# Hair Grass going brown



## ethoscraig (Jul 13, 2012)

Well I am pretty experienced with fishkeeping, I have had a few plants in tanks like amazon swords and java ferns. But never really set up a planted aquarium.

Anyways I took the plunge and set up a 40gal planted aquarium. Just going to put tetra's and some bolivian rams in about a months time.

Anyway I have a fair few species in the tank which I planted a few days ago that seem to be going well. But the hair grass which has some brownish strands on it to begin with seems to be getting slightly worse.

The tanks params currently are

pH 7.2
gH 4 dGH
kH 3 dKH
Ammonia nil
Nitrite nil
Nitrate 5ppm
Iron .25ppm
Phosphate .1ppm
co2 16ppm
oxygen 10ppm

Im using Seachem florish for ferts just dosing 1ce per week. But I'm only 3 days into the regime.

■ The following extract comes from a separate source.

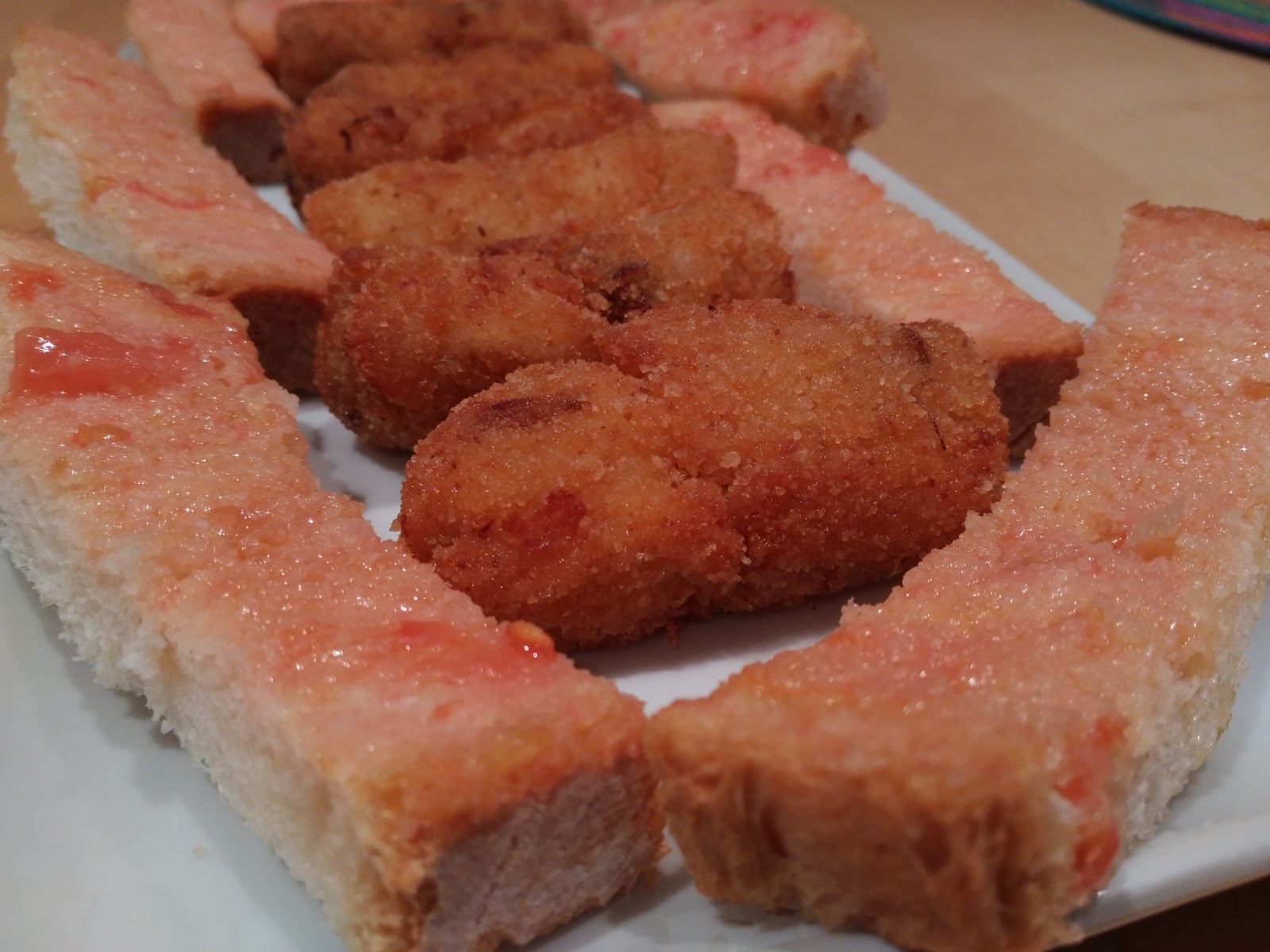 – Formar las croquetas, rebozar en huevo y pan rallado y freir en aceite bien caliente, dejándolas luego escurrir el aceite sobre papel absorbente.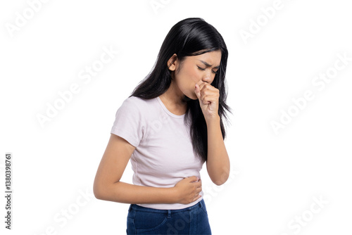 Young Asian woman coughing with hand covering mouth, suffering from dry cough or respiratory issue, isolated on transparent background

Also for the lights its currently only got 1 WPG with a 40watt t8 Light. I'm still waiting for my T5HO light to come in, that has x2 54 watt bulbs in it, which should bring the tank upto around 2.75 WPG roughly. I ordered it 2 weeks ago but they sent it to the wrong address. Its suppose to arrive now in about another 5-7 days 

The tank also has a CO2 injection system. Just a little fluval 88g one. The area it is in, I had to go a small discrete system

The substrate is seachem flourite with a little bit of crappy gravel mixed in that was already in the tank.










All the other plants seem to be settling in fine. But the Hair grass looks like its getting ever so slowly worse. When it came it already had brown strands. The plants spent 2 days in the mail in pitch black. But they seem to be recovering where the hair grass is not. That photo is 3 days in too, where I'm currently at.

Any idea's on what I can do to make it lush green again until I get the T5HO lighting? I'd hate for the Hair Grass to die off. Because I have to get plants sent by mail. There is only 1 LFS in town, and all there plants are covered in diatoms. And they don't have any hair grass either.

Id really love to hear some suggestions to what I can do. I'm pretty new to this planted aquarium scene and I really love the hair grass. Thanks!


----------



## Travis.808 (Apr 2, 2009)

Hey hows it going? This plant needs high lighting. 1wpg is on the low end of low lighting I would start with at least 3wpg if not a full 4wpg. This should get that stuff green and growing, good luck.


----------



## ethoscraig (Jul 13, 2012)

Ok cool. Thanks for that. Do you think the plant will last until I get the High Output lights in?


----------



## sandeepraghuvanshi (Feb 22, 2007)

When you purchase plants they are often grown emersed in nurseries.
They lose their emersed leaves when submerged in aquarium, as the plant adjusts itself.
After some time new leaves will come out.


----------



## Travis.808 (Apr 2, 2009)

Whoops, yeah, that too! ;p


----------



## ethoscraig (Jul 13, 2012)

Ah ok, that makes sense. Thanks for that. It looks a little bit lusher today actually. It should start going really well when I get the high output lighting setup. I cant wait.


----------